Free of any obligations outside of poker, Raptor multitables Sit N Gos all day, every day, rapidly rising up the ranks until he’s regularly playing the $109s and $215s. Deuce2High is so impressed that he sells Raptor his radar detector for $250—with a few clicks, Raptor transfers the money into Deuce2High’s new poker account, seed money for grinding the $11 Sit N Gos. He will soon be winning with enough consistency to join Raptor as a college dropout.
The online cardrooms have been quick to realize that these sorts of referrals are an easy way to keep growing their business, so many have established Amway-style affiliate programs to reward players who are willing to evangelize. Raptor steers his friends to a site called Empire Poker in exchange for a percentage of the “rake.”
Most casino games are insanely profitable because they’re rigged in favor of the house. Not so with poker, where the house is relegated to spectator as the players battle among themselves. The casinos—including the online poker rooms—compensate themselves by taking a small
cut out of every pot: the rake. It’s usually just a couple of dollars, so the players hardly feel the pinch, but they’re being pinched nonetheless. If the house is dealing a hundred hands an hour and taking $2 out of every pot, it’s like having an invisible player at the table who’s guaranteed to win $200 every hour. It’s not enough for a poker player to outdo his opponents; if he’s going to turn a profit, he’s got to beat this invisible player too.
As long as his friends keep playing, Raptor gets a portion of their rake in the form of a check from the card room at the end of each month. It’s almost like having a steady paycheck, which frees him up psychologically to play his best poker. He’s able to quickly build his bankroll up to $25,000, which to an eighteen-year-old feels like a grand fortune.
But after a few weeks, Raptor worries that something is missing from his life. A quick glance at his daily routine, which rarely sees him stray farther from his computer than the bathroom to take a leak or the front door to pick up delivery food, reminds him that his world lacks any kind of social life or sense of community. For the first time in his life he’s not part of a team. He’d planned to join a fraternity, but that option’s no longer available to him.

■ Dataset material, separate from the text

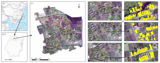 Yangdun Village: relative location in China and the shape of the homesteads. Note: (a) the location of the study area in China; (b) the location of Yangdun Village in Zhejiang Province; (c) landform of Yangdun Village, with yellow rectangular frames representing different areas; (d) homesteads with different regular shapes.
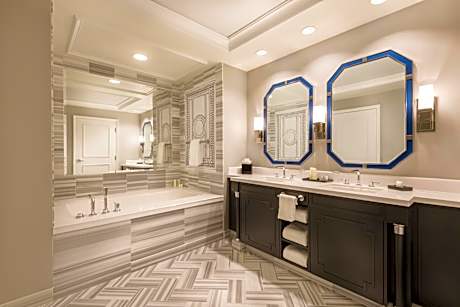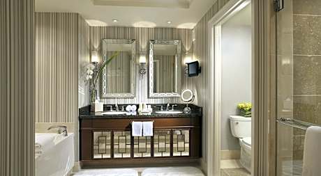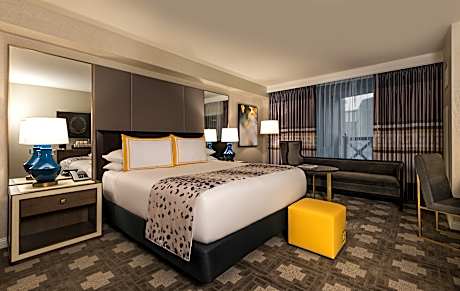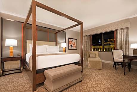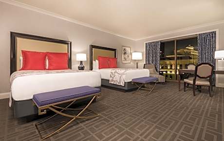 This hotel and casino on the Las Vegas Strip features celebrity-owned restaurants, The Forum Shops, an upscale spa and 7 swimming pools. All guest rooms offer a flat-screen cable TV. Caesars Palace rooms include an private bathroom with free toiletries. Room service is offered 24 hours a day. Dining options include Gordon Ramsay's Pub & Grill, Gordon Ramsay Hell's Kitchen, Mr. Chow and Restaurant Guy Savoy. The 500-item Bacchanal Buffet and casual dining choices like Beijing Noodle No. 9 are located on site. The Palace casino features slot machines and table games. The casino also offers a race & sports book. Guests can enjoy specialty cocktails at Caspians and Vanderpump's Cocktail Garden or visit the Omnia nightclub. The Qua Baths & Spa offers a menu of massage, facials and body treatments. A spa experiences such as a Roman Bath hydrotherapy circuit and an Arctic Ice Room where man-made snow falls on spa guests as they relax on heated benches are also available for guest relaxation.

He has a lot of friends at TCU and goes to plenty of college parties, but he usually feels like an outsider, disconnected from the rhythms of campus life, coping with a radically different set of concerns than the students who surround him.

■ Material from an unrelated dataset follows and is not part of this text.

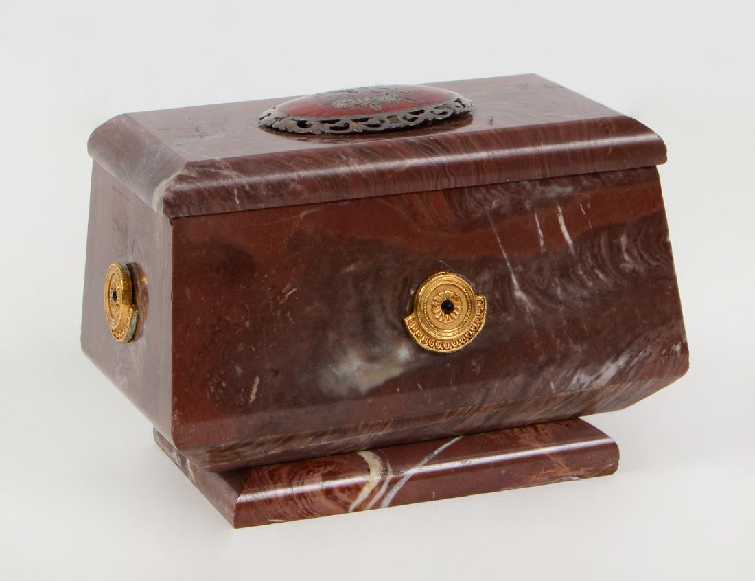 SoldSmall Neoclassical Painting on Marble and Tin Box with Neoclassical DesignSmall Neoclassical Painting on Marble and Tin Box with Neoclassical Design, the small painting on red marble, using the negative space to simulate a Greek Red Figure vase painting, in a bronze frame wSee Sold Price
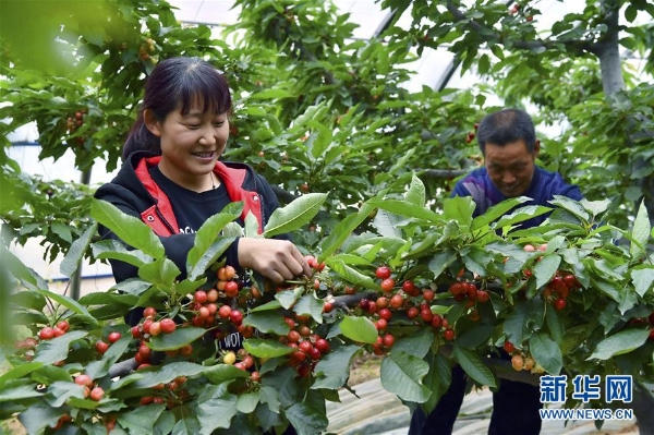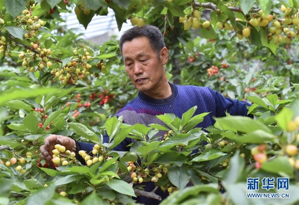 4月8日,在河北省石家庄赞皇县土门乡龙堂院村的樱桃种植园里,果农在管护樱桃。 新华社发(张晓峰 摄)

It occurs to him that, as a professional gambler, the Two Plus Two site would probably be a good place to seek camaraderie. He begins to post more often, and when Irieguy throws out the idea of sharing a room at the Commerce Casino for an upcoming tournament, Raptor jumps at the chance to fly to Los Angeles.
* * *
Raptor is every bit as surprised by Irieguy and SkipperBob as they are by him. Irieguy is way older than he’d expected, like, in his thirties or something, and SkipperBob clearly gets into movies for half-price. The awkwardness slowly dissipates as they launch into an esoteric poker discussion, then disappears altogether once TheUsher, a Two Plus Twoer from nearby Santa Monica who named himself after a villainous character from HBO’s Carnivale, arrives on the scene.